### What you will do
Look in the data below for the line that has "5999 | 5 € |", then print exactly every line from there through the line that has "長(zhǎng)征十一號(h", leaving pictures out.

### Data section
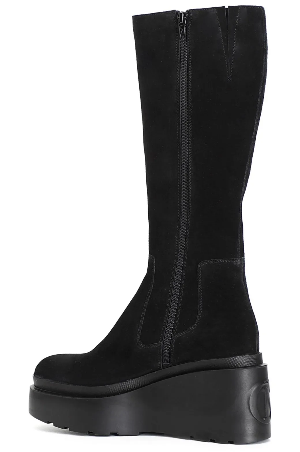 Stivale in pelle scamosciata con pleteau e tacco. soletto in pelle e suola con zeppa personalizzata con logo a rilievo sul retro.
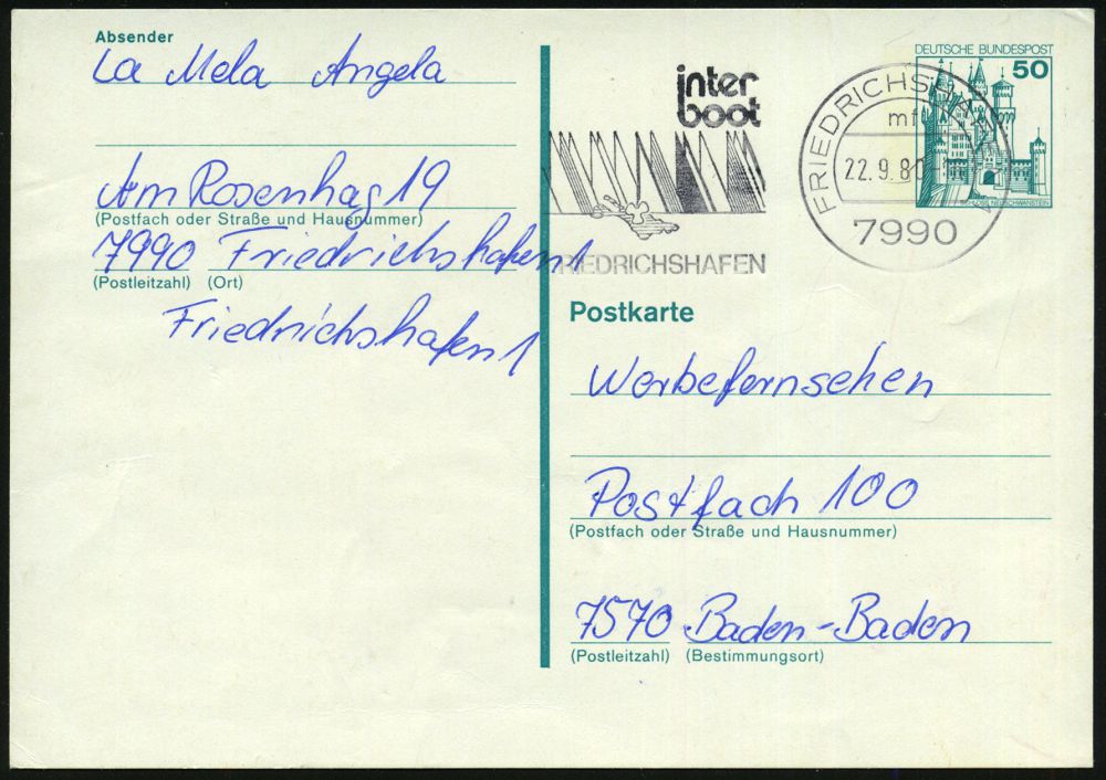 5999 | 5 € | POSTLEITRAUM 7900 (OHNE ULM) : 7990 FRIEDRICHSHAFEN 1/ mf/ inter/ boot 1980 (22.9.) MWSt = stilis. Segel (Schiffsschraube etc.) Bedarfs-Kt. | ![]() | |
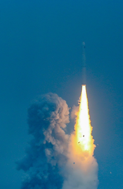 長(zhǎng)征十一號(hào)運(yùn)載火箭海上發(fā)射瞬間。中國(guó)運(yùn)載火箭技術(shù)研究院供圖
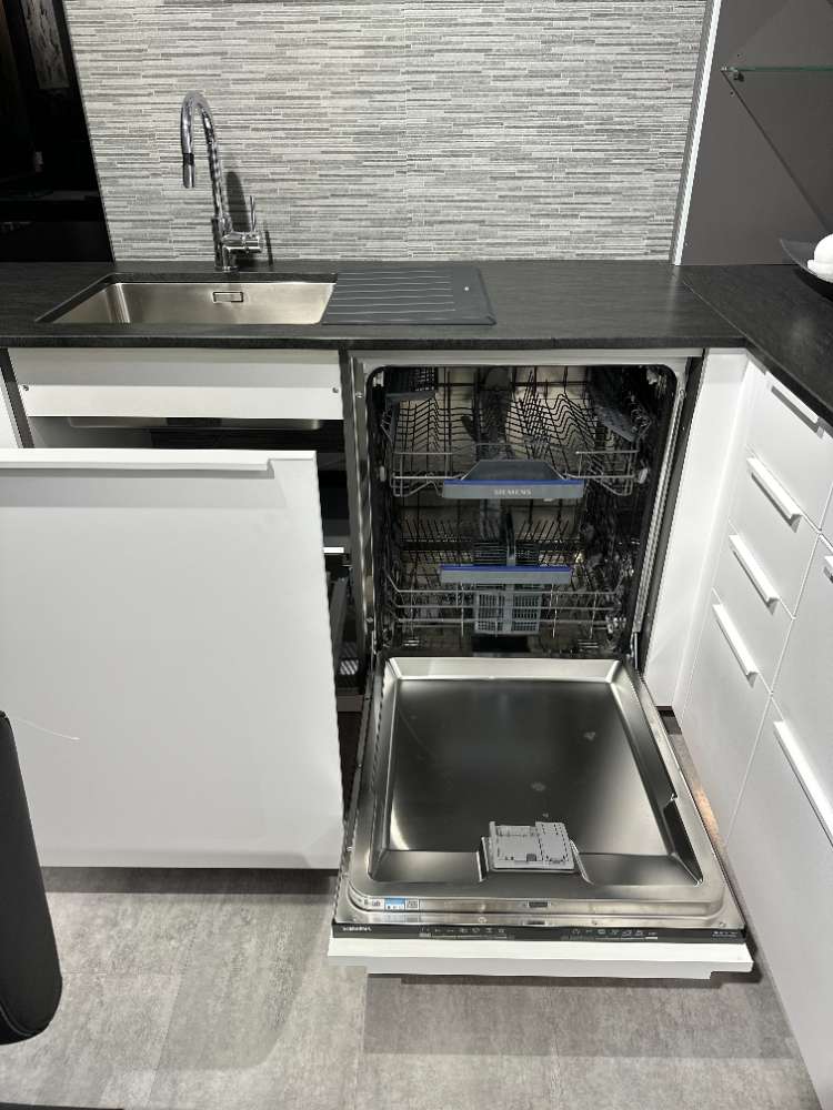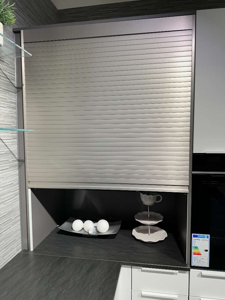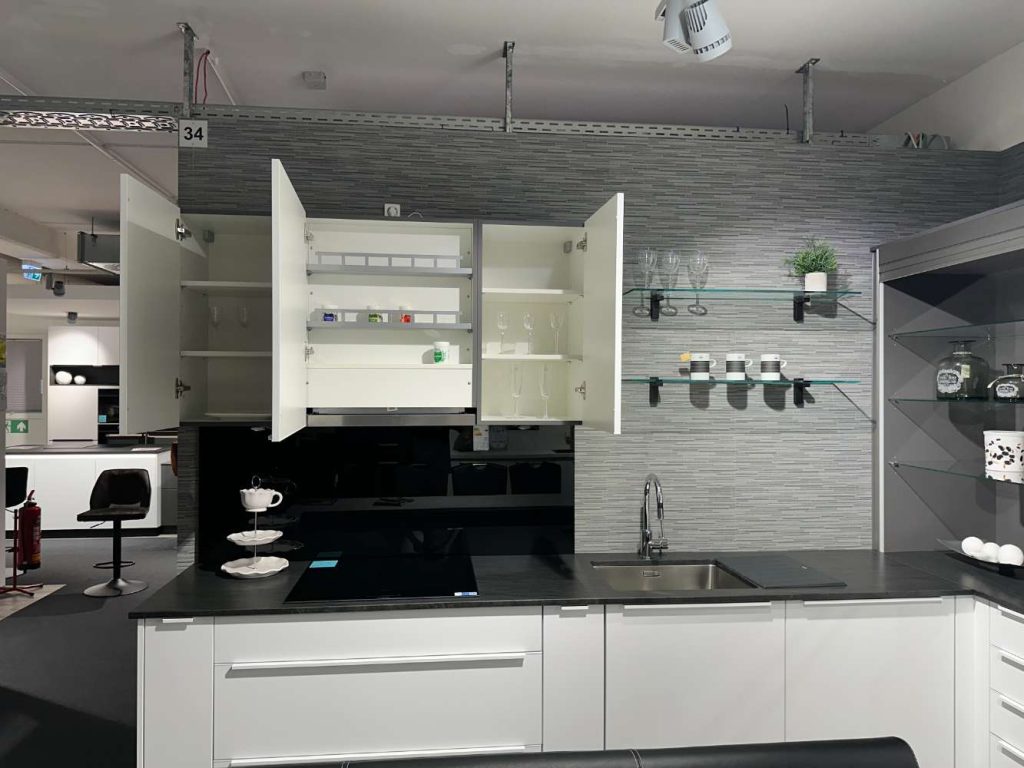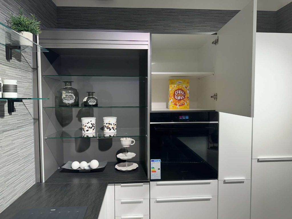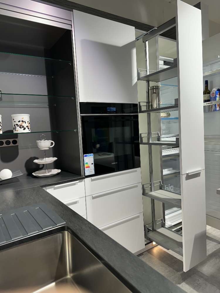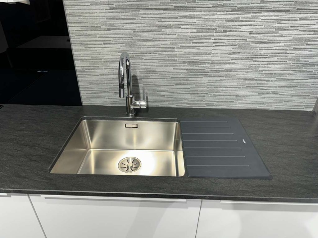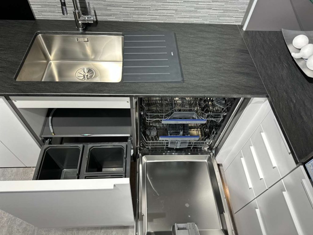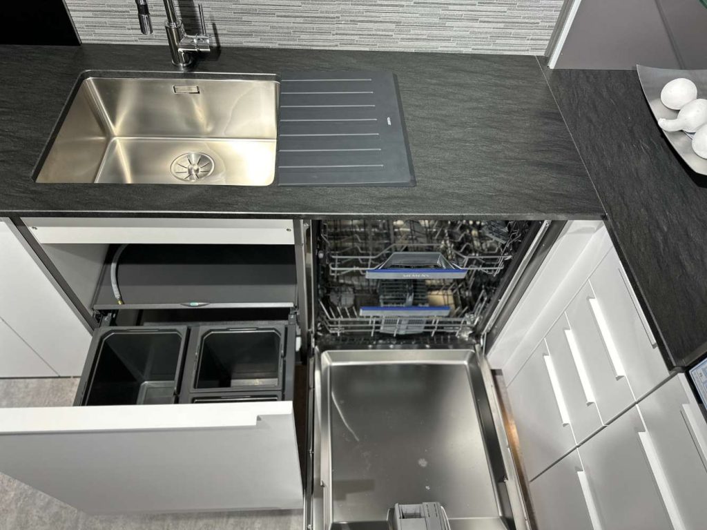 Die klare Linienführung und das Zusammenspiel aus hellen Fronten und dunklen Flächen schaffen eine moderne, ruhige Atmosphäre – stilvoll und zugleich funktional. Die robuste Arbeitsplatte überzeugt nicht nur optisch, sondern auch durch Langlebigkeit und Pflegeleichtigkeit – ideal für den Alltag.

### Task response
 5999 | 5 € | POSTLEITRAUM 7900 (OHNE ULM) : 7990 FRIEDRICHSHAFEN 1/ mf/ inter/ boot 1980 (22.9.) MWSt = stilis. Segel (Schiffsschraube etc.) Bedarfs-Kt. | ![]() | |
 長(zhǎng)征十一號(hào)運(yùn)載火箭海上發(fā)射瞬間。中國(guó)運(yùn)載火箭技術(shù)研究院供圖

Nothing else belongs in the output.